The Agricultural Impacts Research Group, through the Mapping Africa project and several funded projects (e.g. work Farmerline, a farmer services provider, for the Enabling Crop Analytics at Scale (ECAAS) project) and the Lacuna Fund, has mapped croplands in various countries throughout Africa. Wall-to-wall, high resolution maps of field boundaries exist for Ghana, Zambia, and the Republic of Congo, which were developed using neural networks. An Africa’s wide sample of images and digitized field boundaries was recently collected.

There are several possible projects available from these data.

4.2.1.1 Assess country–scale field dynamics

There are several potential Working with a set of cropland predictions at 3 m resolution throughout Ghana, convert the predictions to individual field boundaries using python scripts plus R, and then estimate field sizes throughout the region. Can this dataset be used to identify center pivot irrigation?

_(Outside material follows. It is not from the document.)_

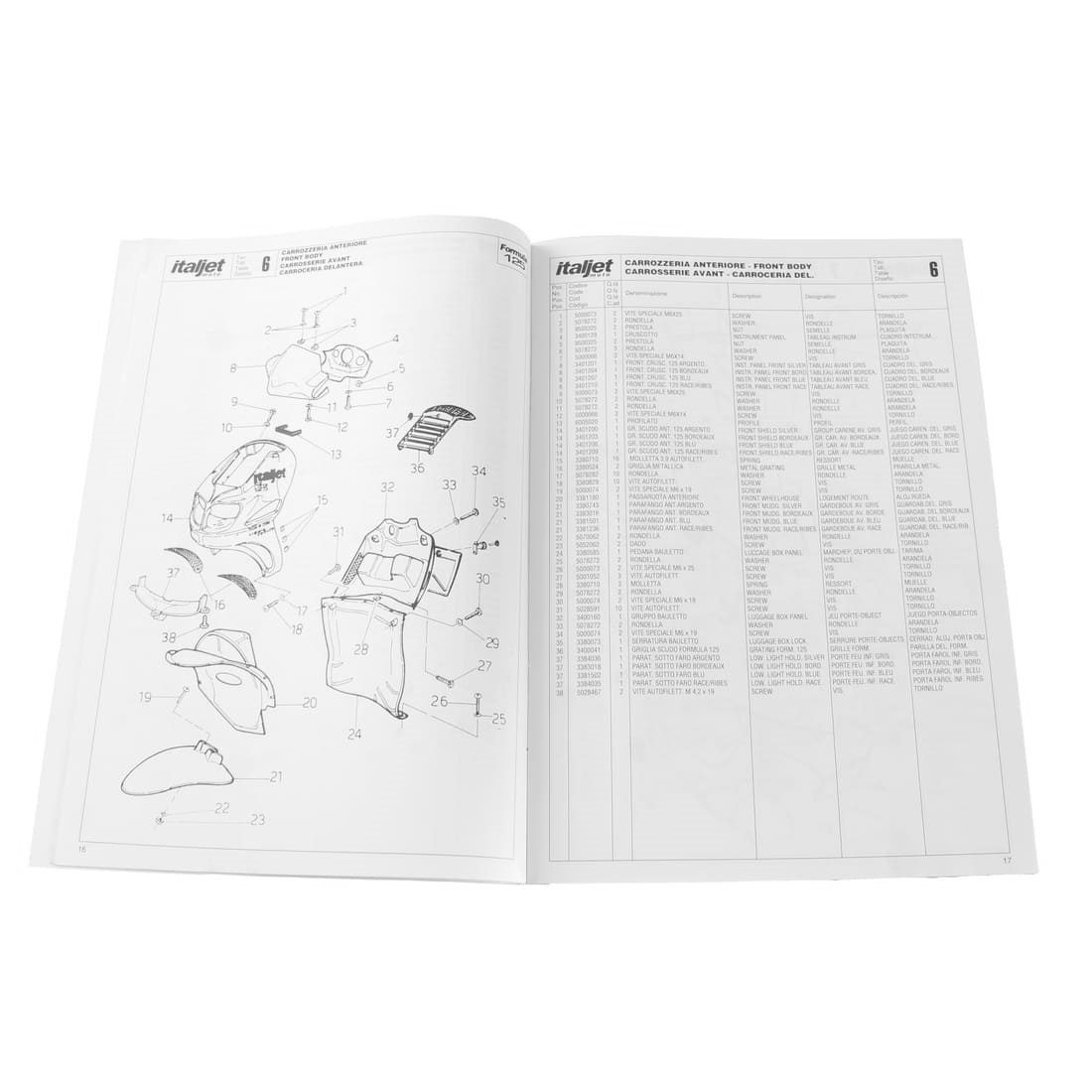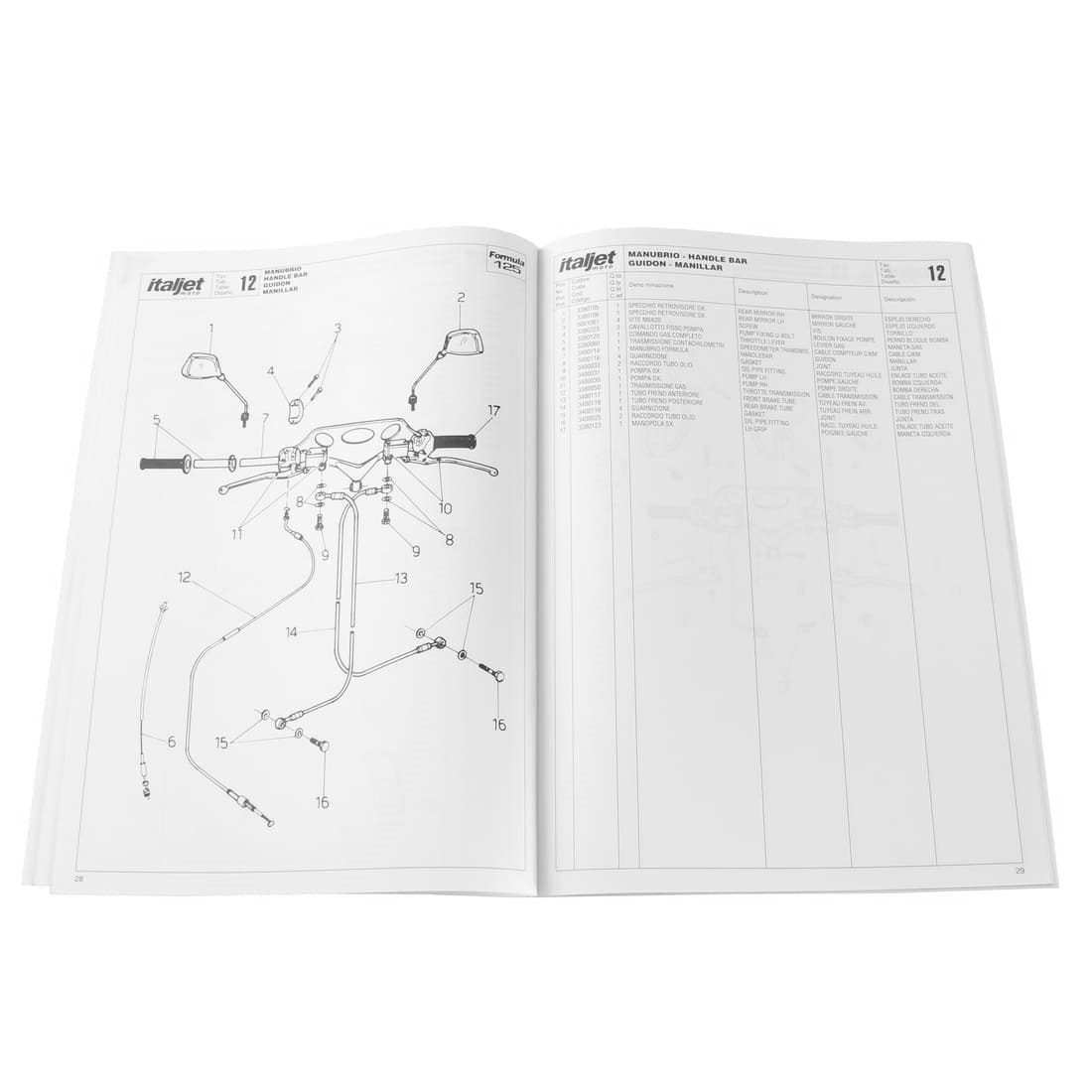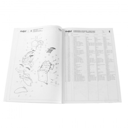 (R.19324) Vendo prontuario parti di ricambio scansionato in bianco e nero in formato PDF del catalogo con esplosi per Italjet Formula 125 in italiano - inglese - francese - spagnolo , disponibile solo scansione no catalogo originale

4.2.1.2 Analyze annual field dynamics

There are several possibilities:

  • Maps of Ghana for several years exist, in the form of 5x5 km tiles score maps produced by a neural network. These need to be assembled and mosaicked into country scale maps, and then annual frequency of and changes in intensity of cropping can be assessed.

  • A comparison of field characteristics between Ghana and another country, e.g. Zambia or Republic for Congo

  • Use the continent wide field boundaries to assess regional difference in field size. Examine whether there are any regional trend in field size over the 7 year times series. Calculate uncertainty metrics in the collected data based on overlaps between multiple labellers’ maps for the same locations.

4.2.2 Create a drone sampling tool

For our prior ECAAS project, we created a method for using Open Street Maps data together with agricultural layers and gridded cluster to develop an approach for creating drone-based probability samples. The method used R packages to do the job, but never went beyond scripts. Turn this approach into a generalizable R package that can be applied nearly anywhere. Demonstrate that it produces probabilistic samples that are representative of the landscapes being sampled.

4.2.3 Improve the polygonization of crop fields

Our current mapping project using R functions to polygonize field objects predicted by our neural networks. The shapes could be better regularized to be less rounded. Find an approach for regularizing polygons in R.